On 30 October 2010, 19-year-old polytechnic student Darren Ng Wei Jie was fatally injured in a gang fight with Salakau members at Downtown East after a staring incident between one of his friends and a gang member. He was stabbed 28 times and died in hospital five hours after the incident. He was pronounced dead at the hospital after being brought there.

12 youths between the ages of 10 and 18 were subsequently arrested for their involvement in the attack. Five of them – between the ages of 16 and 20 – who were identified to be the main attackers were initially charged with murder, but had their charges reduced to culpable homicide not amounting to murder, and were sentenced to imprisonment of between 8 and 12 years, and between 10 and 12 strokes of the cane each. Seven others between the ages of 17 and 21 were charged with rioting and sentenced to imprisonment of between 3 years 3 months and 6 years, and between 3 and 6 strokes of the cane each.
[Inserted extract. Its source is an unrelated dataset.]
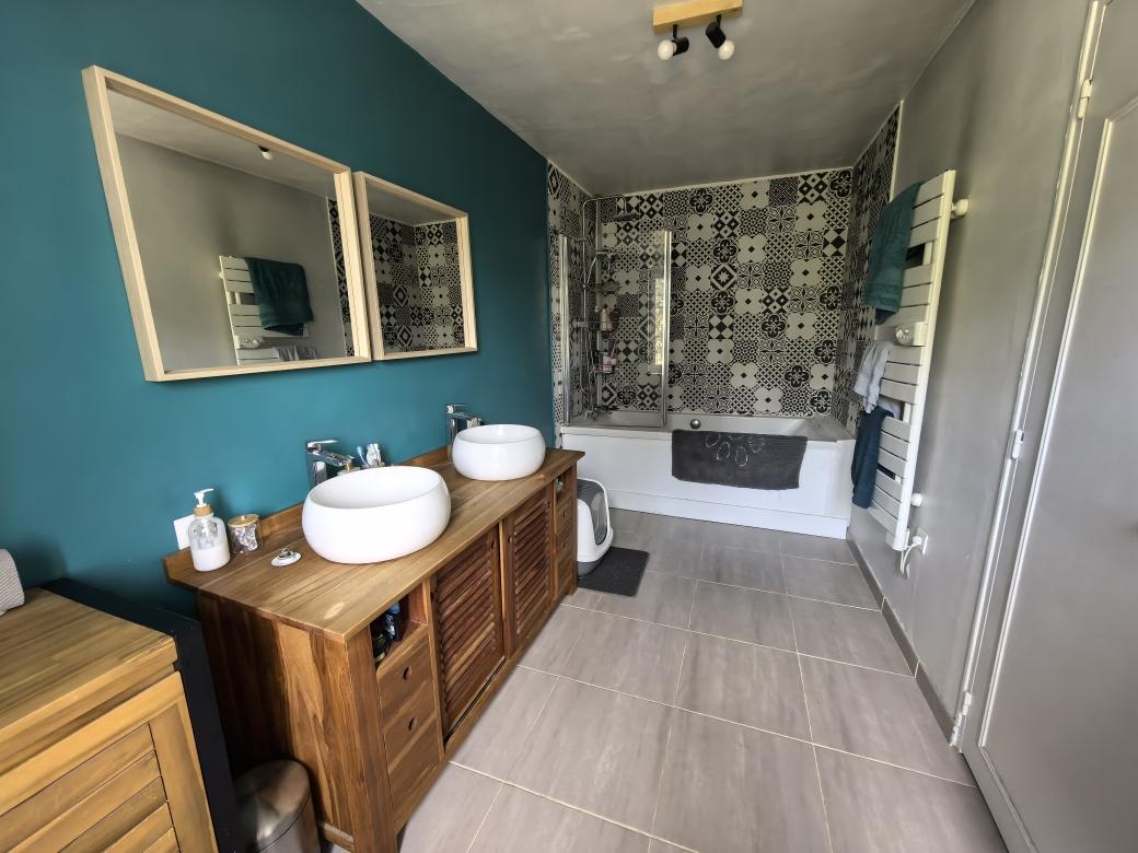 Garage, parking privatif pouvant accueillir 4 véhicules. Terrasse et terrain de 575m².

===Bukit Panjang incident===
On 8 November 2010, seven youths were repeatedly slashed by a group of parang-wielding men in Bukit Panjang, in what appeared to be gang-related attacks. The victims, aged between 14 and 20, were attacked in two separate incidents. The victim of the first incident, a 20-year-old assistant technician, was slashed in the back and legs. The victims of the second incident were a group of 20 youths who were surrounded by the attackers. In both instances, the assailants first asked their victims whether they were from a gang called "Pak Hai Tong". The victims were slashed when they denied association with the group. The gang members shouted "Salakau" before fleeing the scene. The attacker left then-15-year-old Brandon Lim Qian Da hospitalised with a severed tongue while six from the second attack received outpatient treatment for their injuries.

===Drug-smuggling by drone===
In 2020, two Salakau members were arrested by Malaysian police for smuggling illegal drugs from Singapore to Johor Bahru by drone. The arrested person are Boy Setan and his girlfriend. Another two people were arrested on a follow-up operation on next day for involving in the drug smuggling activities.